### What the task asks
What is needed is an exact repetition of the lines from the first one in the data through the line with "Lincoln Road, Peterborough", with no pictures.

### Given data
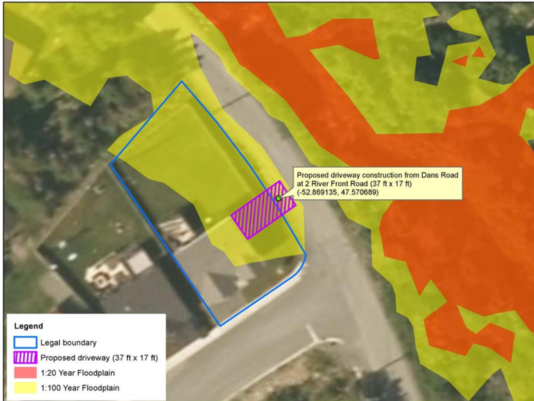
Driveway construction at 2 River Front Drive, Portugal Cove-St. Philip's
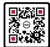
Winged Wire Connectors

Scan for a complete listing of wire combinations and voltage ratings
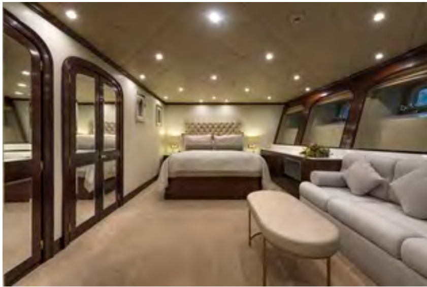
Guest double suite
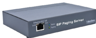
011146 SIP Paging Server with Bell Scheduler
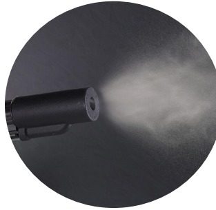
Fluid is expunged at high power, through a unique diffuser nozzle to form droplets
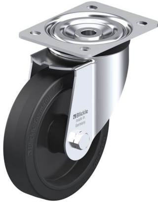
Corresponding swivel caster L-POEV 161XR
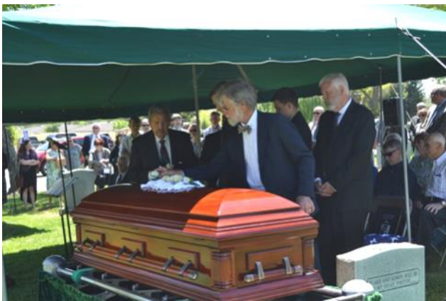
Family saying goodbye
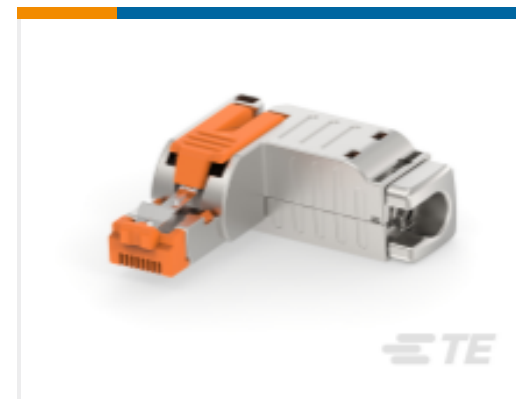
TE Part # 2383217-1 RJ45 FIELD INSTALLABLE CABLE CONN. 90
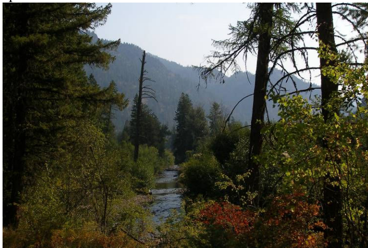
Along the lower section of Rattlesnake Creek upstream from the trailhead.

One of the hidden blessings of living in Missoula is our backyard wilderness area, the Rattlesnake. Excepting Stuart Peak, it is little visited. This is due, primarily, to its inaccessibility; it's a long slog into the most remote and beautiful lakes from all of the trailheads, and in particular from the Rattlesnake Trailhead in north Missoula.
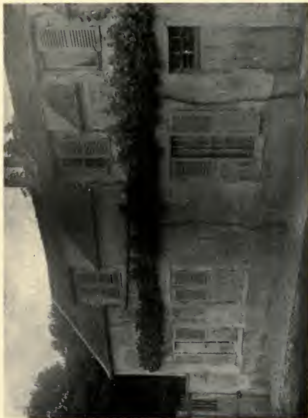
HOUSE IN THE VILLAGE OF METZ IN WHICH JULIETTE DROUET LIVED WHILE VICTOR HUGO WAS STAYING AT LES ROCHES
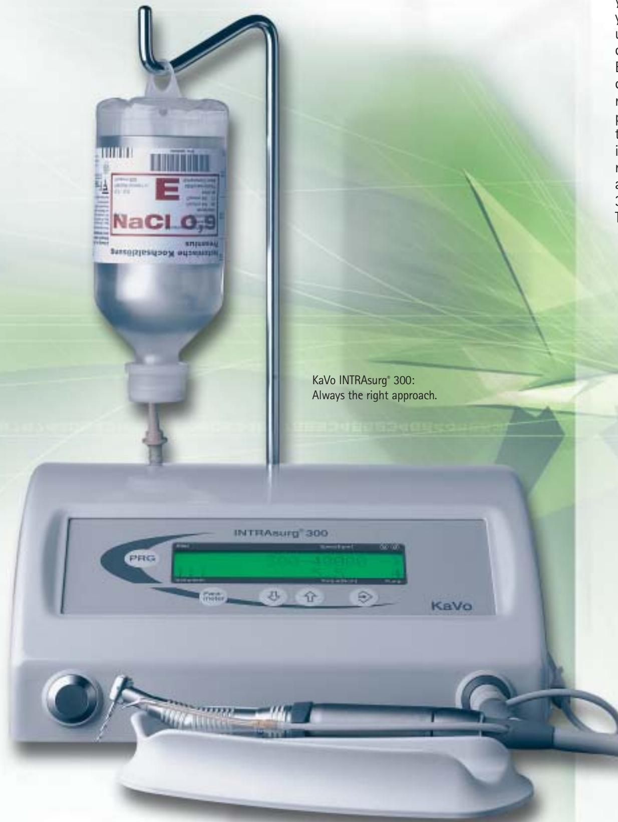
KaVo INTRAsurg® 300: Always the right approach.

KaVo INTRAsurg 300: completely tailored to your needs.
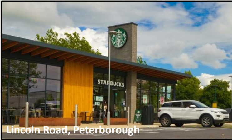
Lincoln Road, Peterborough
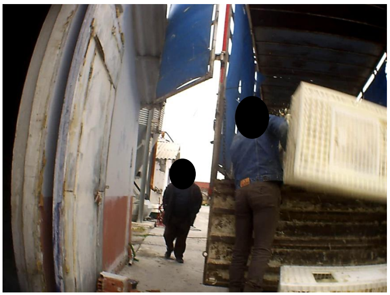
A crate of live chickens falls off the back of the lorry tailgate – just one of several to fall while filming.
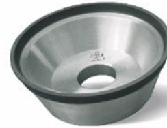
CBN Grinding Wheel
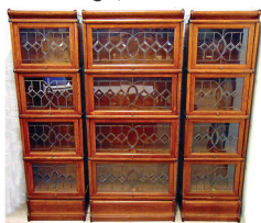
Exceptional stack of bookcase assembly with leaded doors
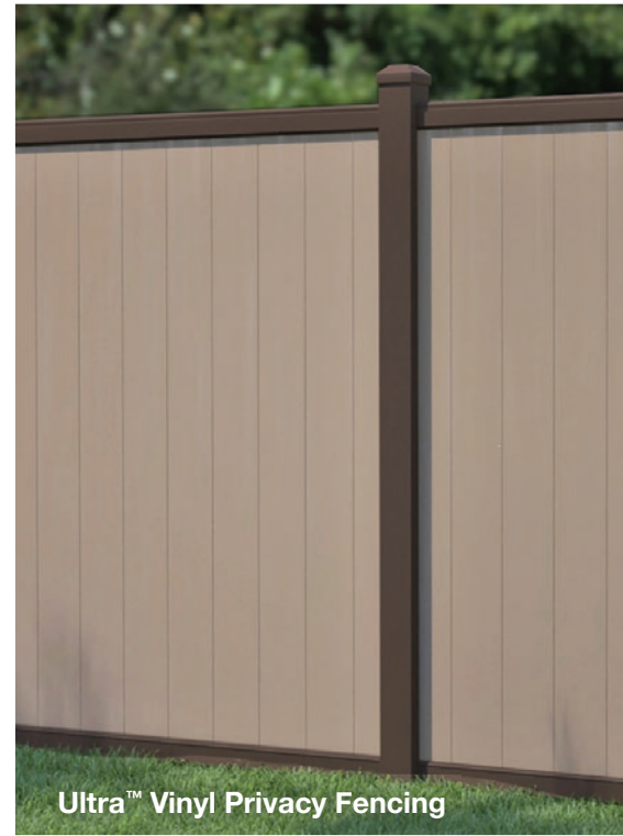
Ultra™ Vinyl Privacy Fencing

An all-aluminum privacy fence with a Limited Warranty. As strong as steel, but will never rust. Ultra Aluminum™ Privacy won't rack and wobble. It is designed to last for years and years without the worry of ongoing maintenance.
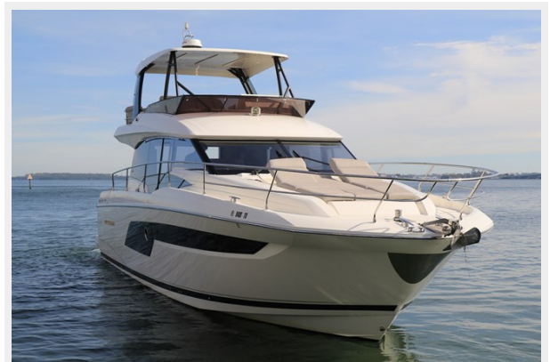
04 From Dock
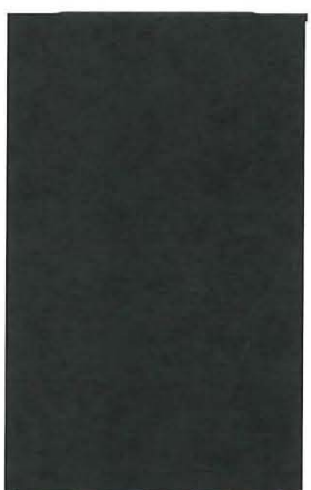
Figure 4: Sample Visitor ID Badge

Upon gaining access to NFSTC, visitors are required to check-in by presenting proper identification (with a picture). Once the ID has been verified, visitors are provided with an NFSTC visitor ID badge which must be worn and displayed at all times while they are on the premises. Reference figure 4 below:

### Solution below
Driveway construction at 2 River Front Drive, Portugal Cove-St. Philip's
Winged Wire Connectors

Scan for a complete listing of wire combinations and voltage ratings
Guest double suite
011146 SIP Paging Server with Bell Scheduler
Fluid is expunged at high power, through a unique diffuser nozzle to form droplets
Corresponding swivel caster L-POEV 161XR
Family saying goodbye
TE Part # 2383217-1 RJ45 FIELD INSTALLABLE CABLE CONN. 90
Along the lower section of Rattlesnake Creek upstream from the trailhead.

One of the hidden blessings of living in Missoula is our backyard wilderness area, the Rattlesnake. Excepting Stuart Peak, it is little visited. This is due, primarily, to its inaccessibility; it's a long slog into the most remote and beautiful lakes from all of the trailheads, and in particular from the Rattlesnake Trailhead in north Missoula.
HOUSE IN THE VILLAGE OF METZ IN WHICH JULIETTE DROUET LIVED WHILE VICTOR HUGO WAS STAYING AT LES ROCHES
KaVo INTRAsurg® 300: Always the right approach.

KaVo INTRAsurg 300: completely tailored to your needs.
Lincoln Road, Peterborough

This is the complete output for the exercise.